Global Report Reveals That the “Feeling of Home” Is Moving Beyond Four Walls
- 35% of people living in cities say they feel more at home away from home
- 64% of all people would rather live in a small home in a great location than a big home in a less ideal location
- 60% of all people are ready to create a life at home that’s different from the one they were brought up in
Dubai, UAE, October 08, 2018: The traditional idea of where we get the feeling of home has been disrupted, according to a global research project by IKEA Group. The fifth edition of the Life at Home Report – an annual study into domestic living trends around the world – found that 29% of people globally say there are places where they feel more at home than the space they live in. The research also observed a significant increase in this feeling amongst people who live in cities, where the figure rose from 20% in 2016 to 35% in 2018.

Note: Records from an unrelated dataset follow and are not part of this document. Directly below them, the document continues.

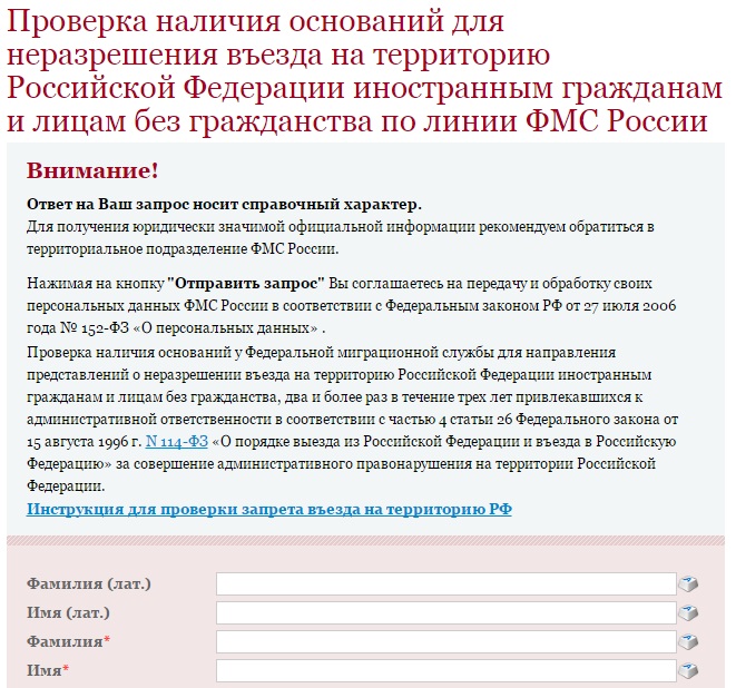 ГДЕ МАГУ ПИСАТЬ МАИ ДАНИЕ ЧТОБИ ПРАВЕРИТ НА МЕНИА ЕСТЬ ЗАПРЕТ В РАССИЮ ИЛИ НЕТ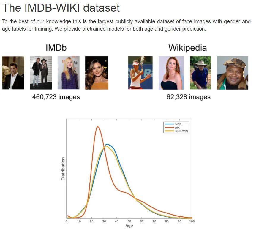 IMDB-WIKI人脸数据库是有IMDB数据库和Wikipedia数据库组成,其中IMDB人脸数据库包含了460,723张人脸图片,而Wikipedia人脸数据库包含了62,328张人脸数据库,总共523,051张人脸数据库,IMDB-WIKI人脸数据库中的每张图片都被标注了人的年龄和性别,对于年龄识别和性别识别的研究有着重要的意义。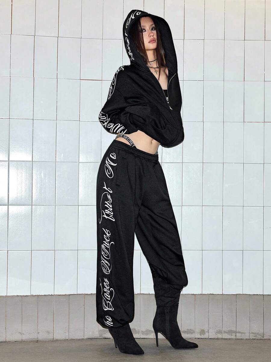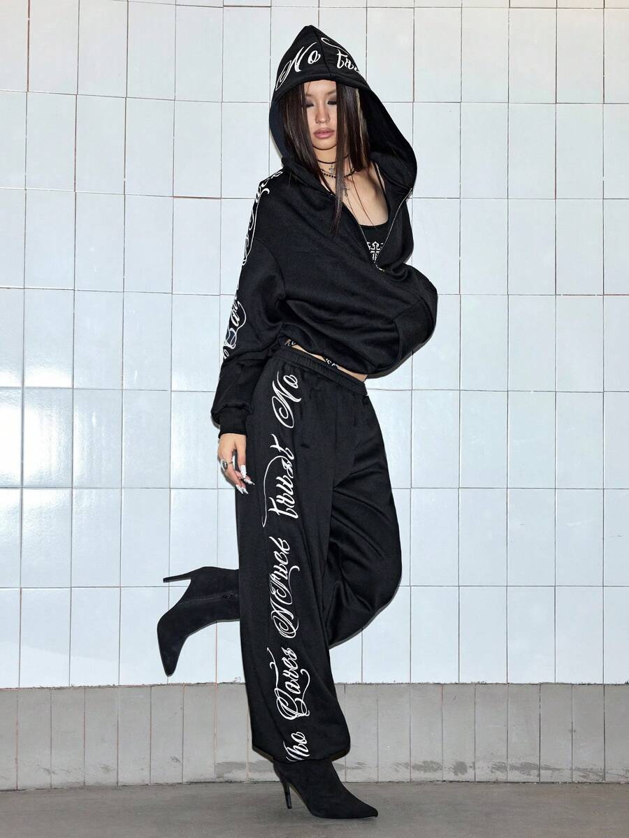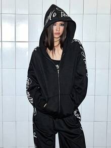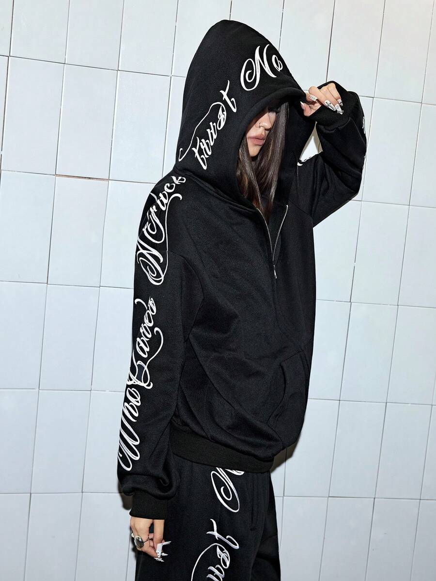 ROMWE Avant Sudadera oversize con bordado gráfico
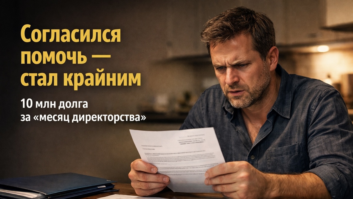 Знакомый попросил его временно стать директором компании, чтобы поставить фирму на учёт по НДС. Сам учредитель в этот момент находился в другом городе, сроки поджимали, решение выглядело простым.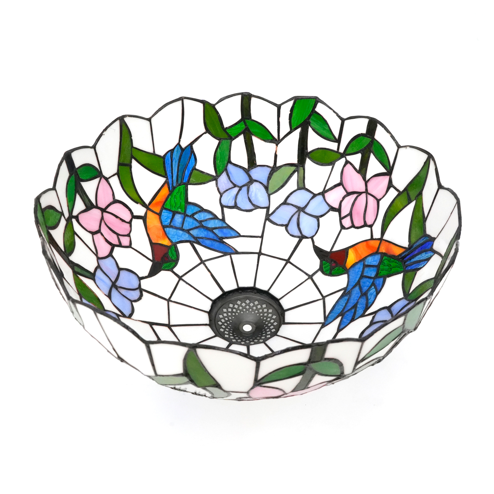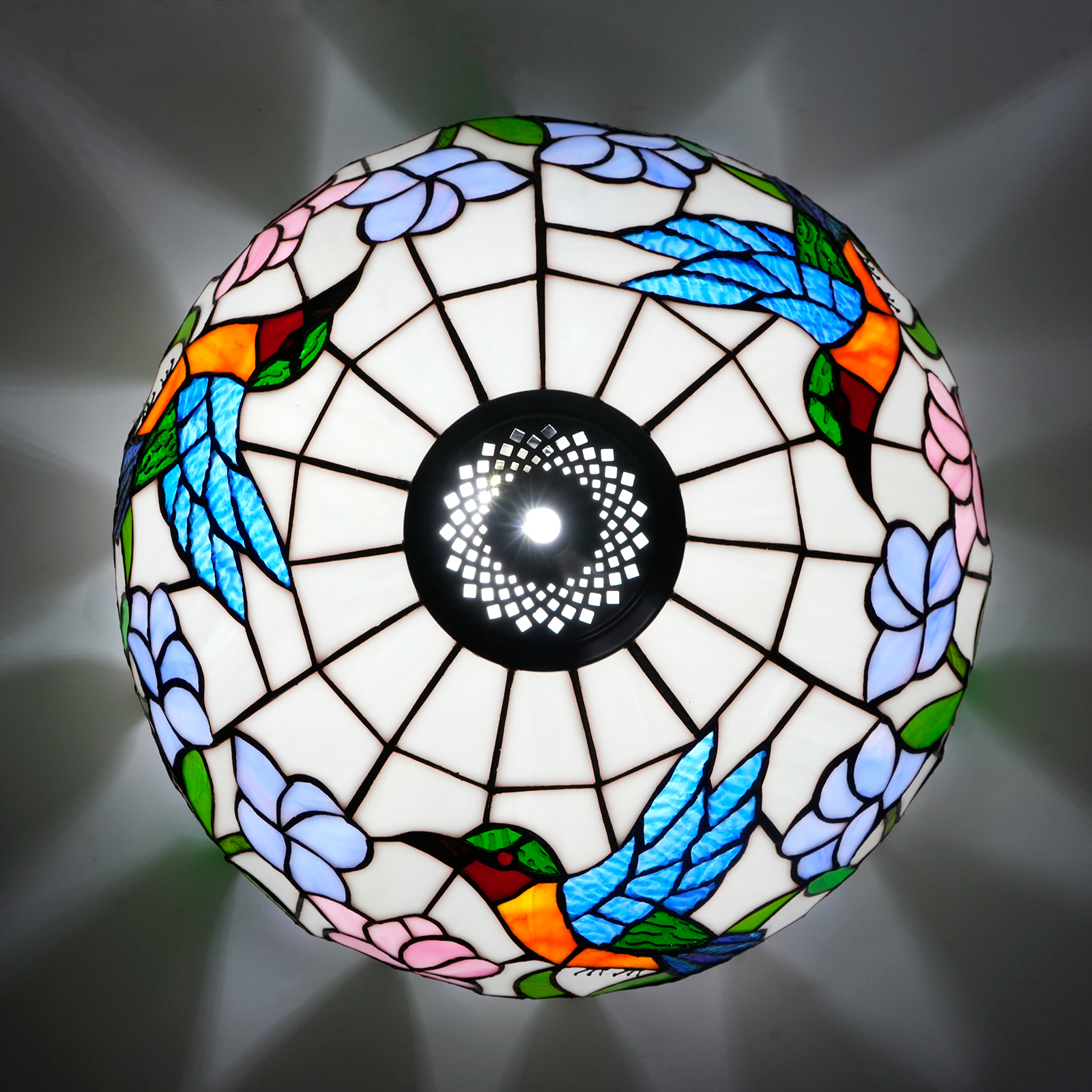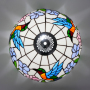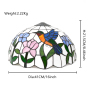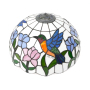 The pattern of the blue hummingbird and the bicolor flower on the lampshade is the core visual highlight. The blue hummingbird is so lifelike that its wings seem to be flapping lightly, and its agile figure is vividly displayed on the lampshade. Its bright feather colors are perfectly presented through the ingenious splicing of colored glass. Blue, green, orange, red and other colors interweave with each other, creating a brilliant spark. The two-color flower pattern features pink and blue flowers paired with emerald green branches and leaves, presenting a fresh and gentle look, as if exuding a faint floral fragrance. When the lights come on, the colored glass filters through the light, creating a dreamlike and illusory effect of light and shadow, ingeniously introducing the vitality and vigor of nature into the interior, filling the entire space with a romantic and warm atmosphere.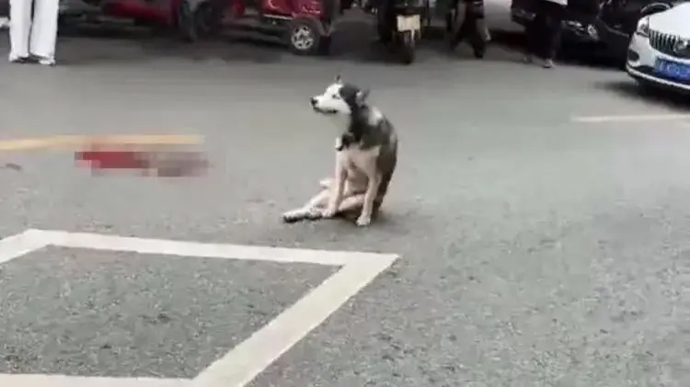 10月10日下午,成都市龙泉驿区西河街道翠竹路附近,一只哈士奇被一男子当街砍伤后不治身亡。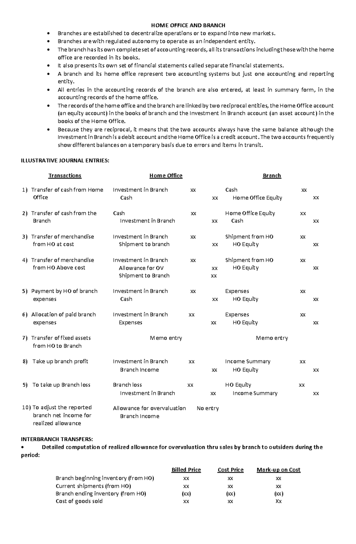 HOME OFFICE AND BRANCH - Lecture Notes on Accounting Systems - Studocu

Maria Jonsson, Macro Insights Leader at IKEA Group, says:
“We were curious to understand why some people say they feel more at home away from home than others. This report seeks to get to the heart of what creates that elusive feeling of home, and how we can all make this feeling easier to achieve where we live.”
The Life at Home Report 2018 identifies five core emotional needs which capture the feeling of home – privacy, comfort, ownership, security and belonging. The majority of people believe it’s important that their residential home provides these needs.
However, depending on living situations, the reality can fall far from expectation. Almost two-thirds (62%) of people living with friends believe it’s important that their home provides them with a feeling of ownership, but only 34% of them say that their home lives up to expectation.
The report explores how major global changes including urbanisation, digitalisation and the rise of technology impact how people feel about life at home now and in the future. Lack of living space and privacy is often cited as a challenge, and as cities are set to grow exponentially in the coming years almost half (48%) of people say they feel anxious about their homes becoming smaller in the future.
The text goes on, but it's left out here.